=== What the task asks ===
Leaving the pictures aside, reproduce the data in full and word for word.

=== Provided material ===
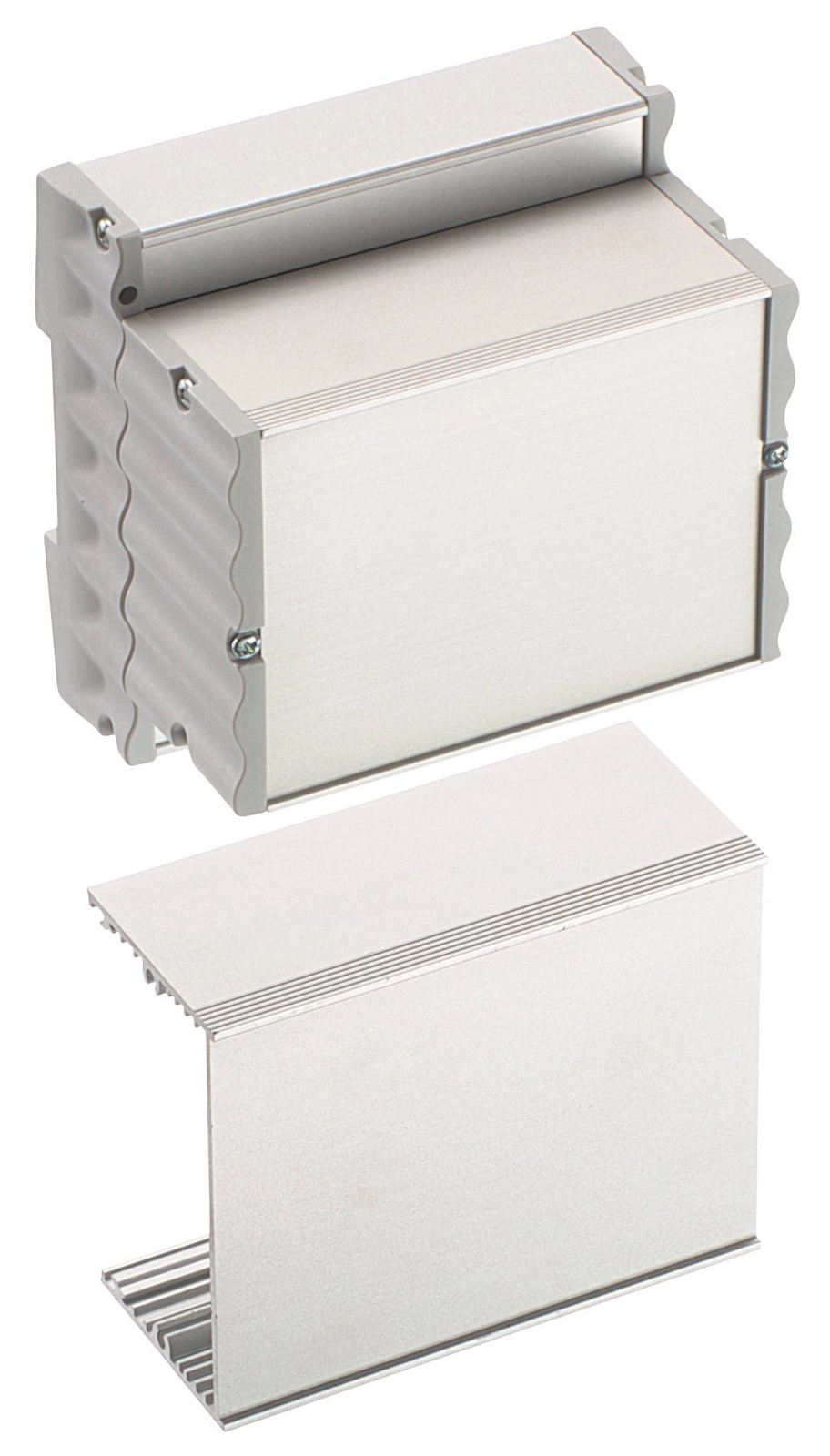 Modular, semi-open, tall (75 mm) aluminum profiles attached to the base profile (ARP 75..., ARP 105... or ARPG 75...) using plastic or aluminum connectors (AR ... or ARM ...). Assembly of all appropriate parts creates a housing as shown in the illustrative image.
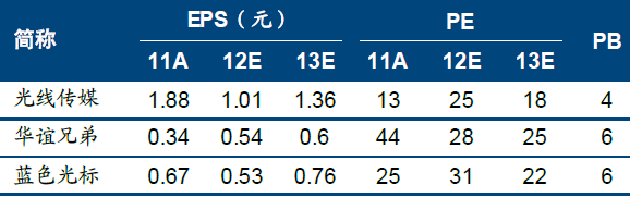 華誼兄弟下半年將上映的大制作包括《畫皮2》,《十二生肖》,《1942》等大制作電影,無論是投資還是主創(chuàng)團隊影響力均是業(yè)內(nèi)首屈一指!懂嬈2》在上映前已經(jīng)好評如潮,可見無論是影片本身的打磨還是映前的輿論宣傳華誼的功力依然是行業(yè)龍頭。除去傳統(tǒng)的內(nèi)容領域,華誼兄弟不斷布局渠道。內(nèi)容本質(zhì)上生命周期很短,即使輝煌如《阿甘正傳》《泰坦尼克》等作品也無法發(fā)揮跨越時空的價值。因此我們看好華誼兄弟在渠道合作方面的布局,不斷的利用每部作品精心的澆筑華誼兄弟這個品牌,并以華誼品牌為大平臺,形成最優(yōu)質(zhì)品牌聚集最優(yōu)質(zhì)人才,生產(chǎn)最優(yōu)質(zhì)作品的正反饋。
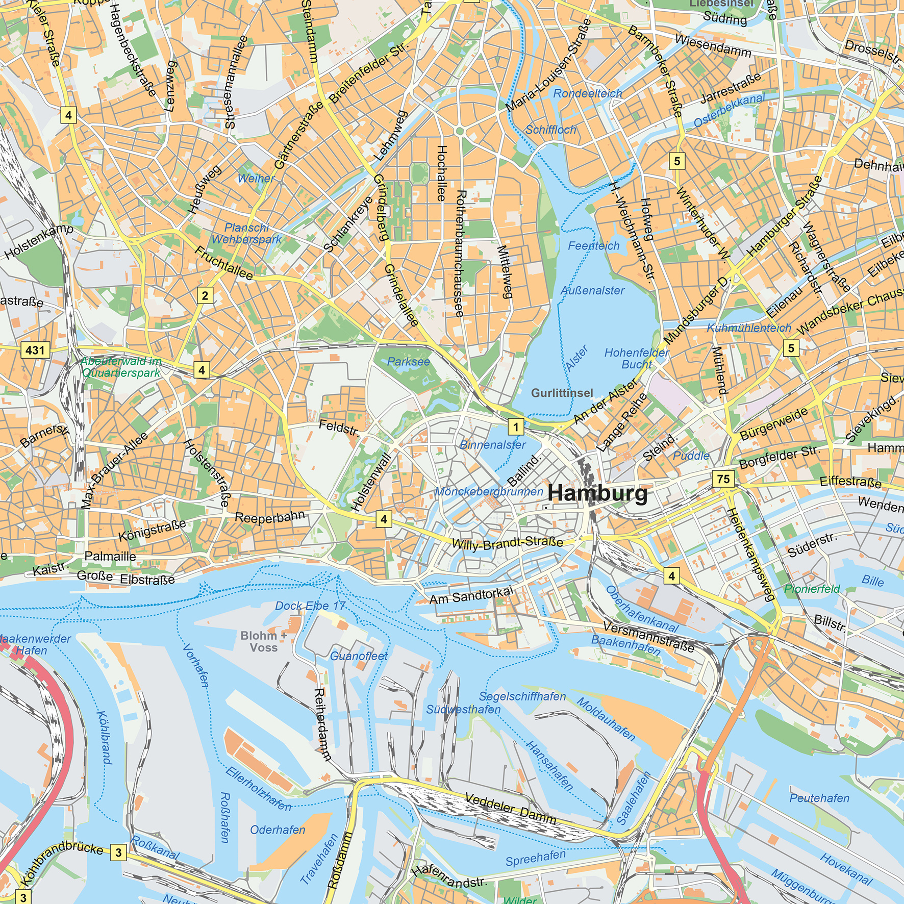 Deze gedetailleerde stadsplattegrond van Hamburg laat de veelzijdige havenstad aan de Elbe zien: van het historische Speicherstadt en de haven tot levendige wijken als St. Pauli, Altona en Eimsbüttel. Straten, waterlopen, parken en pleinen zijn overzichtelijk weergegeven. De kaart is beschikbaar als wandkaart of digitaal bestand en toont Hamburg in zijn volle stedelijke diepte – met ruimte voor water, historie en moderne stadsontwikkeling. Bekijk ook onze andere stadsplattegronden van Duitsland.

=== Answer box ===
 Modular, semi-open, tall (75 mm) aluminum profiles attached to the base profile (ARP 75..., ARP 105... or ARPG 75...) using plastic or aluminum connectors (AR ... or ARM ...). Assembly of all appropriate parts creates a housing as shown in the illustrative image.
 華誼兄弟下半年將上映的大制作包括《畫皮2》,《十二生肖》,《1942》等大制作電影,無論是投資還是主創(chuàng)團隊影響力均是業(yè)內(nèi)首屈一指!懂嬈2》在上映前已經(jīng)好評如潮,可見無論是影片本身的打磨還是映前的輿論宣傳華誼的功力依然是行業(yè)龍頭。除去傳統(tǒng)的內(nèi)容領域,華誼兄弟不斷布局渠道。內(nèi)容本質(zhì)上生命周期很短,即使輝煌如《阿甘正傳》《泰坦尼克》等作品也無法發(fā)揮跨越時空的價值。因此我們看好華誼兄弟在渠道合作方面的布局,不斷的利用每部作品精心的澆筑華誼兄弟這個品牌,并以華誼品牌為大平臺,形成最優(yōu)質(zhì)品牌聚集最優(yōu)質(zhì)人才,生產(chǎn)最優(yōu)質(zhì)作品的正反饋。
 Deze gedetailleerde stadsplattegrond van Hamburg laat de veelzijdige havenstad aan de Elbe zien: van het historische Speicherstadt en de haven tot levendige wijken als St. Pauli, Altona en Eimsbüttel. Straten, waterlopen, parken en pleinen zijn overzichtelijk weergegeven. De kaart is beschikbaar als wandkaart of digitaal bestand en toont Hamburg in zijn volle stedelijke diepte – met ruimte voor water, historie en moderne stadsontwikkeling. Bekijk ook onze andere stadsplattegronden van Duitsland.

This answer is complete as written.